第60期将棋王位戦7番勝負第4局2日目 入玉模様の将棋はもはや将棋ではない別の競技である

285手の超長手数の将棋で木村九段は星をタイに戻し、豊島名人は(批判はあろうが)驚異的な粘りをみせつけた。投了は21時12分、さすがに盤上のとっかかりを全て失って、ある意味投げ時を逸してしまったかのような状態であったが、突然の終局だった。AbemaTVで両者の画像がサムネイル状態だったことからもその唐突感がわかろう。

本局で印象的だったのは最終盤での意外な手の数々。豊島名人の△7一香の意味が一瞬わからなかった。起死回生の大駒取りを狙っていたものだった。

封じ手までは500点プラスであったから、やや名人ペースであったと思う。それ以上に2日目の木村九段の差し回しが神がかっていた。

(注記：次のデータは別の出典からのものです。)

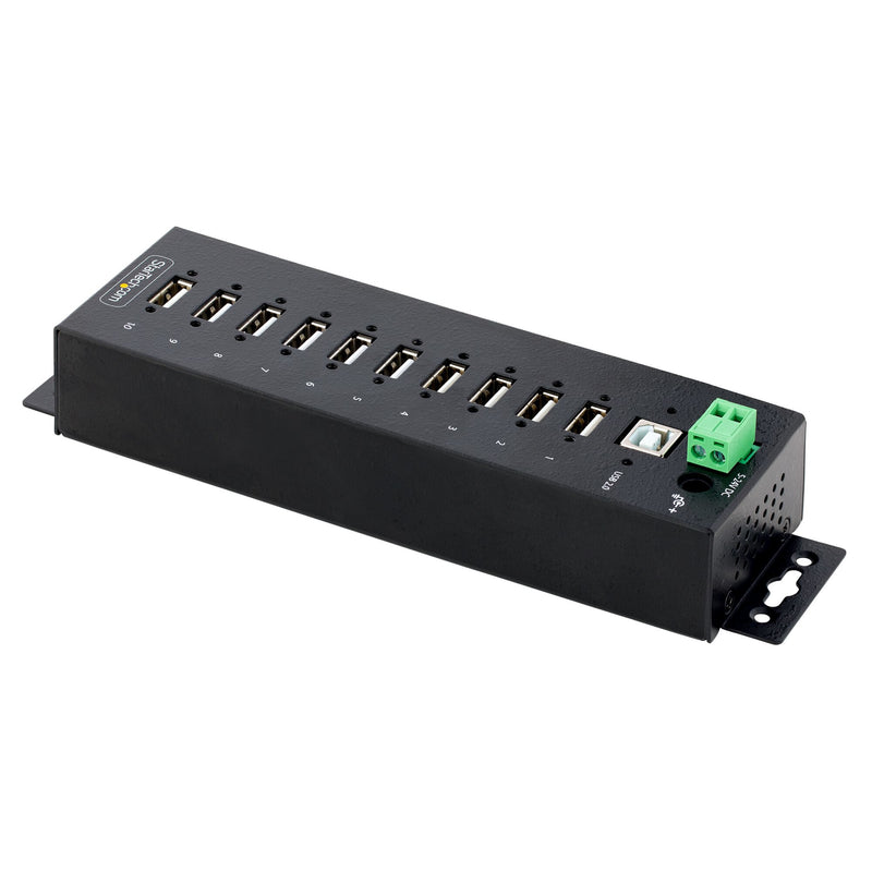 Metal Construction | 6ft (1.8m) USB Host Cable IncludedThis TAA-compliant 10-port industrial USB 2.0 Hub delivers scalability and protection in harsh industrial environments by providing a high number of USB ports with ESD level 4 protection. The durable metal housing construction is ideal for industrial applications. For power connectivity, the Hub features power redundancy using the DC barrel plug and terminal block port. Finish the installation by mounting the Hub to a DIN rail using the included hardware or on a desk or wall with the built-in mounting brackets.Rugged ConstructionThis industrial USB 2.0 Hub delivers reliable performance in the most challenging conditions where operating temperatures range from 32 to 140°F (0 to 60°C) at 95% relative humidity.The ESD level 4 protection (15kV air and 8kV contact) ensures your equipment is protected from electrostatic damage. An external power source is required, 5 to 24V DC. Optionally, StarTech.com offers part ITB20D3250 to power the Hub via the 2-wire terminal block port.Connect 10 USB Type-A USB DevicesThe USB Hub features screw-lock USB ports for the upstream and downstream connections to prevent accidental disconnects. Driverless installation and OS-independent speed up any deployment ensuring little downtime and compatibility with many USB peripherals.The rugged USB Hub supports 480Mbps total bandwidth of USB 2.0 and is backward compatible with USB 1.1 and 1.0 devices.CompatibilityThe installation options include DIN rail mounting dual-bracket horizontal or single-bracket vertical and wall or desk mounting using the integrated mounting brackets. To finish the installation, the Hub includes a 6ft (1.8m) USB cable with screw-lock to prevent accidental disconnects during operation.The industrial USB hub is USB 2.0 compliant and supports DC and terminal block power inputs 5 to 24V DC that provide compatibility and flexibility in different scenarios such as product and repair labs, conference rooms, or office workstations.The 10-port Industrial Hub is backed for 2-years, including free lifetime 24/5 multi-lingual technical assistance.The StarTech.com Advantage

あの劣勢から入玉し、あたかも点数稼ぎのはさみ将棋のような別の盤上遊戯にまで持ち込んだ豊島名人の粘りには感嘆せざるをえない。この両者は8月23日(金)にも竜王戦の挑戦者決定戦第2局があるのである。体力温存を考えたらここまで頑張る必要はなく、さっさと投了してよかったのだ。

完全に強さを発揮してきた木村九段はこれで星を戻して、改めて(くしくも竜王戦の挑戦者決定戦と同じ)3番勝負。念願の最年長初タイトルの可能性も出てきた。王位戦と竜王戦挑決がフルセットになると冗談のつもりで言っていた十番勝負が実現してしまう。体力勝負では年齢からして、豊島名人がかなり有利かもしれない。